[[ Entries provided open ]]
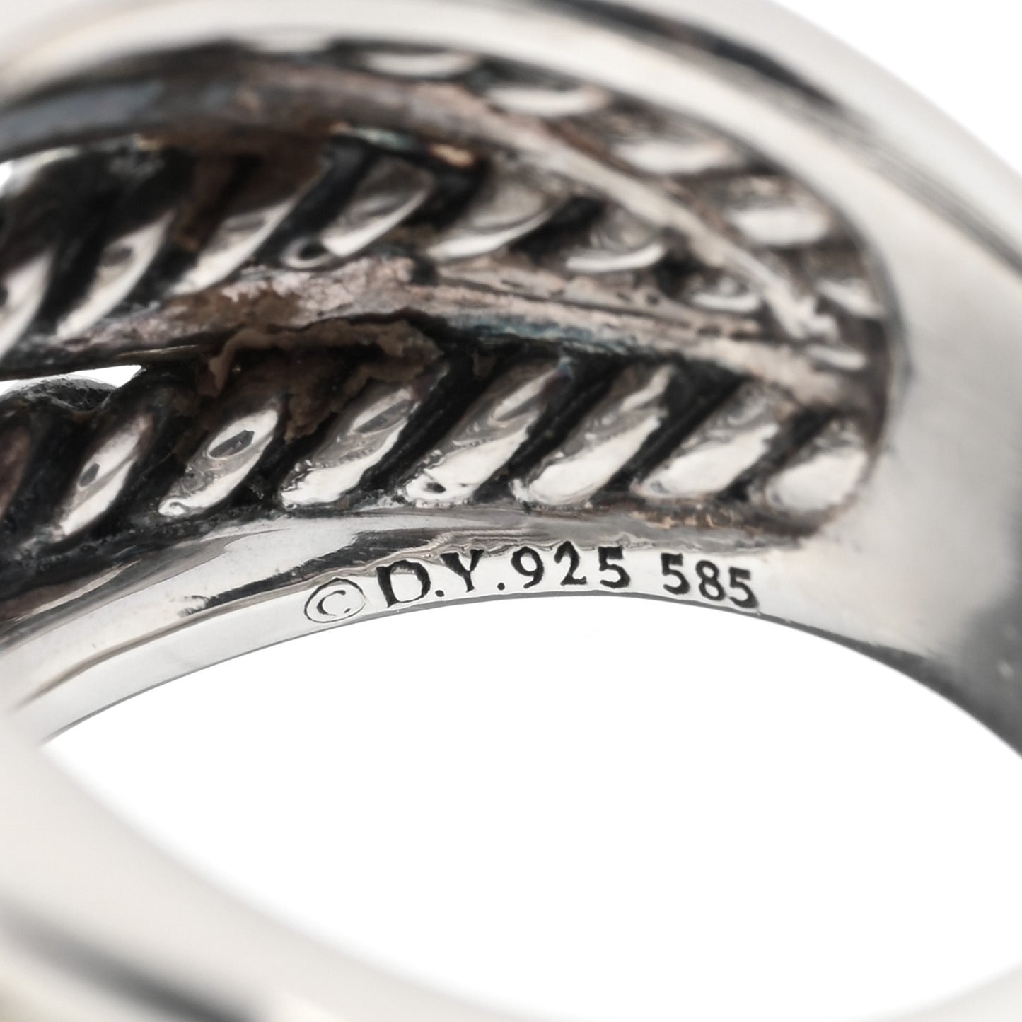 This is an authentic DAVID YURMAN Sterling Silver 14K Yellow Gold Wide Crossover Ring 57 8. The ring is crafted of sterling silver and 14 karat yellow gold, and features polished and cable-style bands in a crossover design.Follow this item for alerts. David Yurman is a registered trademark of David Yurman. FASHIONPHILE is not affiliated with David Yurman.
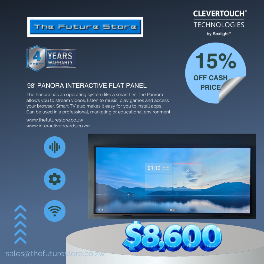 Uncategorized 98′ INCH PANORA INTERACTIVE FLAT PANEL February 24, 2026February 24, 2026 Futurestore Share Facebook Twitter Pinterest Linkedin
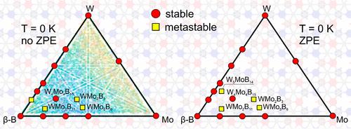 image: Ternary phase diagram of the W-Mo-B system at 0 K
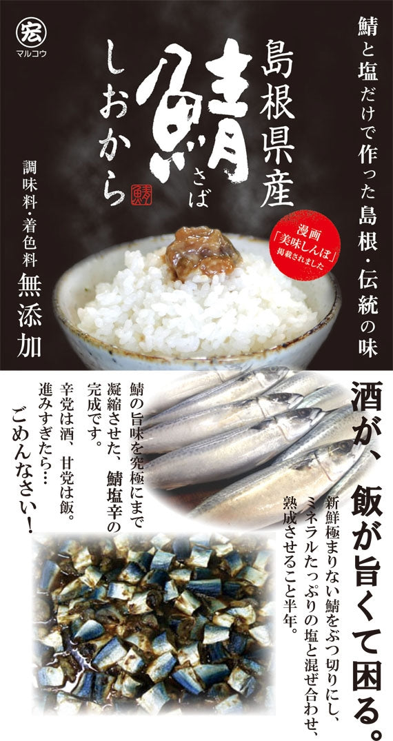 小学館の人気漫画『美味しんぼ』109巻(日本全県味巡り 島根編)で当社の『鯖しおから』が紹介されました。商品詳細は下↓のバナーをクリック!
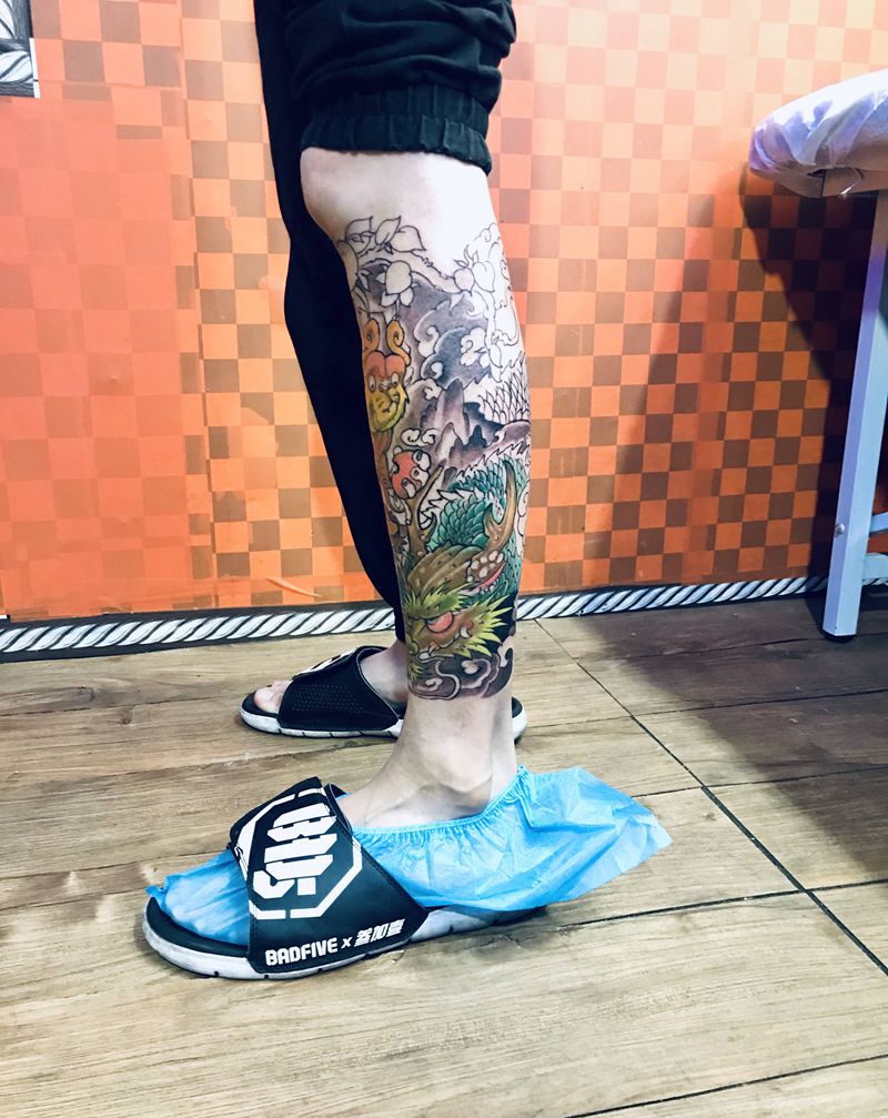 • T网红王老大花腿龙纹身图片_腿部新传统纹身图案
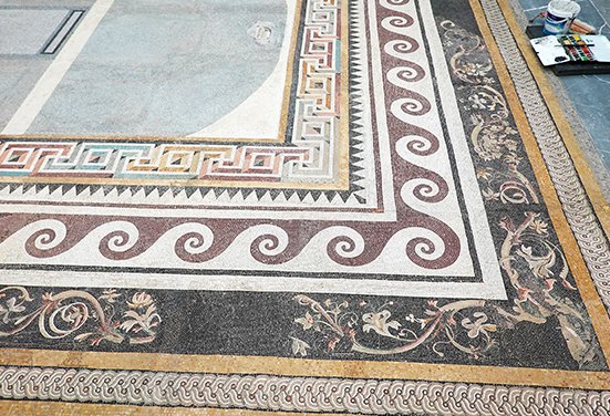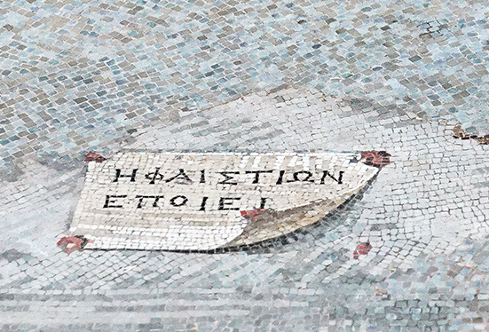 Die ersten Besucher*innen des instandgesetzten Nordflügels im Museum werden im Frühjahr 2027 opferbereit die 30 Stufen des Pergamonaltars hinaufsteigen müssen, um Hephaistions Zettel im großformatigen – Höhe: 630 cm, Breite: 630 cm, Höhe: 370 cm, Breite: 370 cm – Bodenmosaik als künstlerisches Kleinod zu entdecken. Hephaistion hat mit seiner Gestaltung des Mosaiks eine Botschaft hinterlassen. Es ist eine Art Werbezettel für die Gäste seines wohlhabenden Auftraggebers aus der Zeit zwischen 200-151 vor Christus. ΗΦAIΣTIΩN EΠOIEI steht dort. Eine Zettelecke ist unten rechts – vielleicht von einem Windstoß – von seinem Untergrund abgelöst und übergeknickt. In lateinischen Buchstaben steht dort zu lesen IFAISTION EPOIEI, d.h. Hephaistion hat (dies) gemacht. Das Hephaistion-Mosaik bietet nicht nur den Zettel als visuell dreidimensionales Objekt, sondern eine Vielzahl unterschiedlicher Ornamentstreifen mit geometrischen und floralen Mustern.
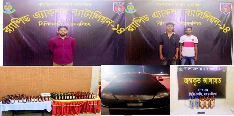 ময়মনসিংহ র্যাব- ১৪ এর ২ অভিযানে বিপুল পরিমাণ বিদেশি মদ সহ গ্রেফতার ৩।
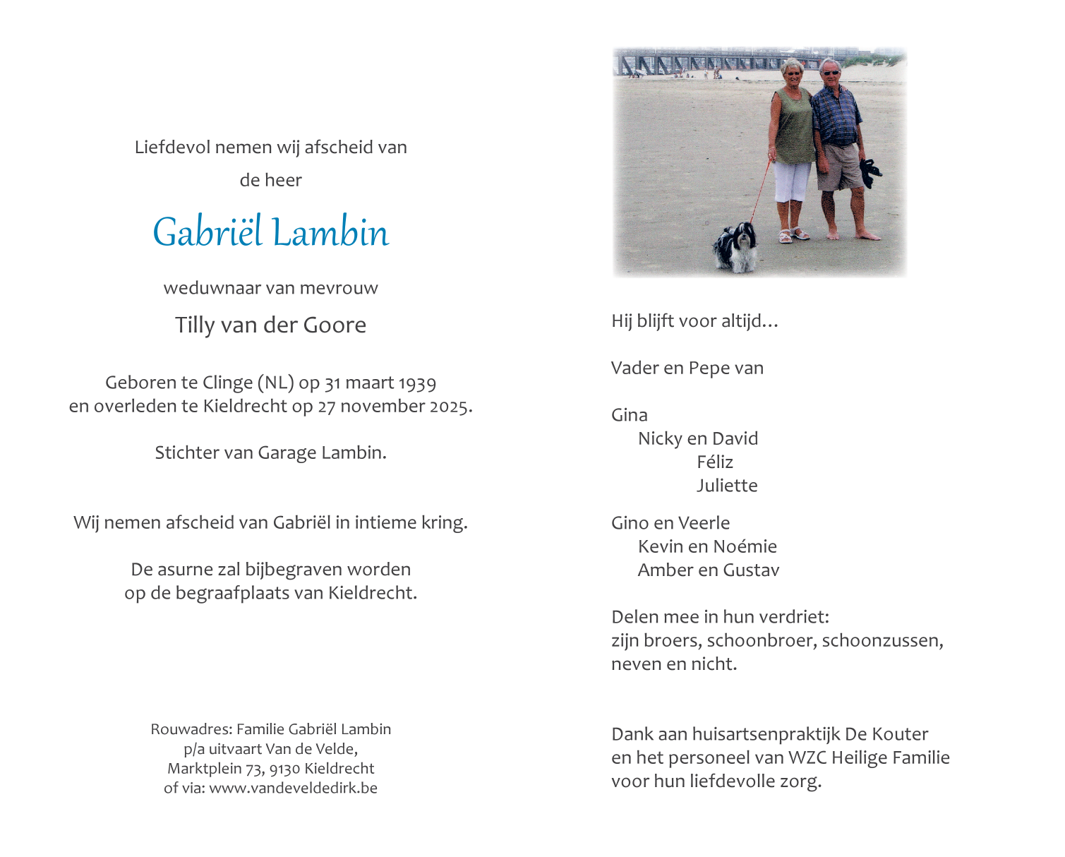 Overleden te Kieldrecht (Beveren) (9130) op donderdag 27 november 2025 op 86-jarige leeftijd
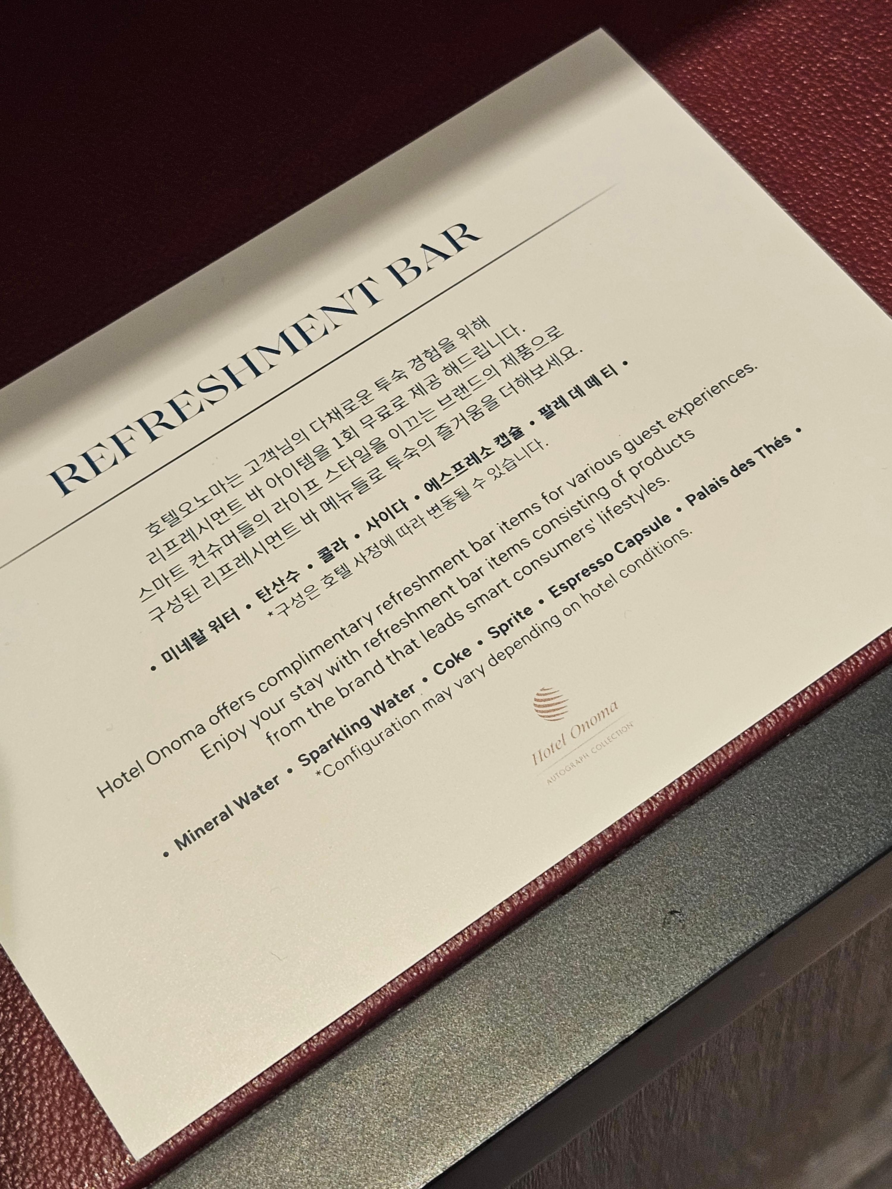 호텔 오노마의 기본 어매니티는 충실한 편입니다. 네스프레소 머신과 더불어 네스프레소 캡슐이 하루 4개씩 제공되고요, 티백도 제공됩니다. 투숙 중 미니바가 한 번 무료로 제공되는데, 미니바에는 기본적으로 펩시 콜라 2캔, 스프라이트 2캔, 빅토리아 탄산수 2병, 생수 2병이 있고, 생수는 매일 2병씩 제공이 됩니다.
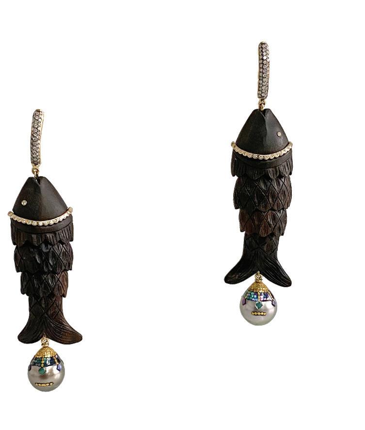 This page, clockwise from top left: Oscar Heyman gold and opal swordfish brooch. Available through Moyer Fine Jewelers in Indianapolis, Chesterfield Jewelers in St. Louis and oscarheyman. com. Mindi Mond turquoise and diamond snake pendant necklace (mindimondny.com). Arnold & Son Perpetual Moon 41.5 red gold “Year of the Snake” (arnoldandson.com). Jonne Amaya snake hoops (jonneamaya.com). Bea Bongiasca Albino Burmese Python Tarallo earrings (beabongiasca.com). Renato Cippulo Iguana cuff bracelet (renatocipullo.com). Jacquie Aiche snakewrapped pink tourmaline flower ring (jacquieaiche.com). Lionheart Jewelry Nouvelle serpent ring (lionheartjewelry.com). Anita Ko Snake Coil bracelet (anitako.com). Sorrellina Victoria serpent ring. Available through Reis-Nichols Jewelers in Indianapolis and sorellinanyc.com. Fish earrings from Silvia Furmanvich's Quintessence collection (silviafurmanovich.com). Jade Trau Scarab charm (jadetrau.com). Opposite page: A collection of rings from Maison H Jewels Brushed Crocodile Mouvante collection (maisonhjewels.com)
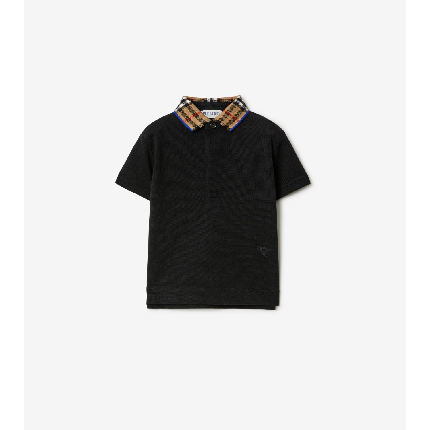 Check Collar Cotton Polo Shirt in Black Burberry Official
[[ Entries provided closed ]]
*What this task involves*:
Print nothing but the lines above starting with the line that contains "Die ersten Besucher*innen" and going on through the line that contains "호텔 오노마의 기본 어매니티는". Leave out the pictures.

*Answer to this exercise*:
 Die ersten Besucher*innen des instandgesetzten Nordflügels im Museum werden im Frühjahr 2027 opferbereit die 30 Stufen des Pergamonaltars hinaufsteigen müssen, um Hephaistions Zettel im großformatigen – Höhe: 630 cm, Breite: 630 cm, Höhe: 370 cm, Breite: 370 cm – Bodenmosaik als künstlerisches Kleinod zu entdecken. Hephaistion hat mit seiner Gestaltung des Mosaiks eine Botschaft hinterlassen. Es ist eine Art Werbezettel für die Gäste seines wohlhabenden Auftraggebers aus der Zeit zwischen 200-151 vor Christus. ΗΦAIΣTIΩN EΠOIEI steht dort. Eine Zettelecke ist unten rechts – vielleicht von einem Windstoß – von seinem Untergrund abgelöst und übergeknickt. In lateinischen Buchstaben steht dort zu lesen IFAISTION EPOIEI, d.h. Hephaistion hat (dies) gemacht. Das Hephaistion-Mosaik bietet nicht nur den Zettel als visuell dreidimensionales Objekt, sondern eine Vielzahl unterschiedlicher Ornamentstreifen mit geometrischen und floralen Mustern.
 ময়মনসিংহ র্যাব- ১৪ এর ২ অভিযানে বিপুল পরিমাণ বিদেশি মদ সহ গ্রেফতার ৩।
 Overleden te Kieldrecht (Beveren) (9130) op donderdag 27 november 2025 op 86-jarige leeftijd
 호텔 오노마의 기본 어매니티는 충실한 편입니다. 네스프레소 머신과 더불어 네스프레소 캡슐이 하루 4개씩 제공되고요, 티백도 제공됩니다. 투숙 중 미니바가 한 번 무료로 제공되는데, 미니바에는 기본적으로 펩시 콜라 2캔, 스프라이트 2캔, 빅토리아 탄산수 2병, 생수 2병이 있고, 생수는 매일 2병씩 제공이 됩니다.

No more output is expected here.